Sunday, August 31, 2008

AMD Goes Lean To Compete With Intel

Broadcom Corporation, a $3.8 billion fabless semiconductor company, is all set to acquire the digital TV (DTV) business of AMD, one of the world's largest chip makers with $6 billion revenue in 2007, for $192.8 million. With this acquisition, AMD aims to focus entirely on its primary market of PC processors, to compete with its largest rival Intel.

As AMD is going through tough times this year, the company's shares have fallen 20.9 per cent in the microprocessor market.
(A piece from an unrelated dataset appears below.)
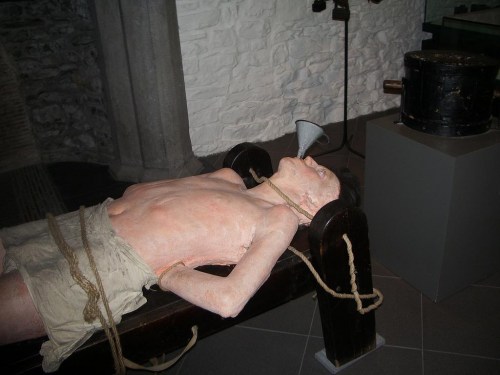 La tortura dell’acqua e sale (waterboarding), conosciuta nelle questure italiane anche con il nome della “cassetta”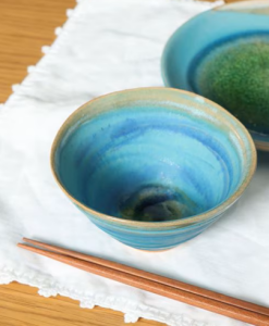 ターコイズブルーのお茶碗が、さりげなく食卓を華やかにしてくれて

In July, AMD lost $1.9 billion during the second quarter and also appointed its new CEO Dirk Meyer, replacing Hector Ruiz.
"AMD is executing a strategic plan to transform the company, becoming leaner and more focussed while seeking to create a business model to deliver sustainable profitability," said Dirk Meyer, president and chief executive officer, AMD. "The sale of our DTV business is a key step in AMD's transformation, helping to strengthen our balance sheet, lower our breakeven point, and hone our focus in order to take full advantage of our position as a leader in both microprocessors and graphics technology."
With this acquisition, approximately 530 members of AMD's dedicated DTV team, in addition to certain employees directly supporting this team, located in six primary design centres around the world, will be invited to join Broadcom.
"The acquisition of AMD's DTV business, which will become the core of Broadcom's DTV line of business, will enable us to significantly scale and accelerate the completion of our digital TV product portfolio while also expanding our tier one customer base and positions us to achieve leadership and long-term growth in this important market segment," said Daniel Marotta, senior vice president and general manager, broadband communications group, Broadcom.
The closing is targeted to occur during Broadcom's fourth quarter ending 31 December 2008.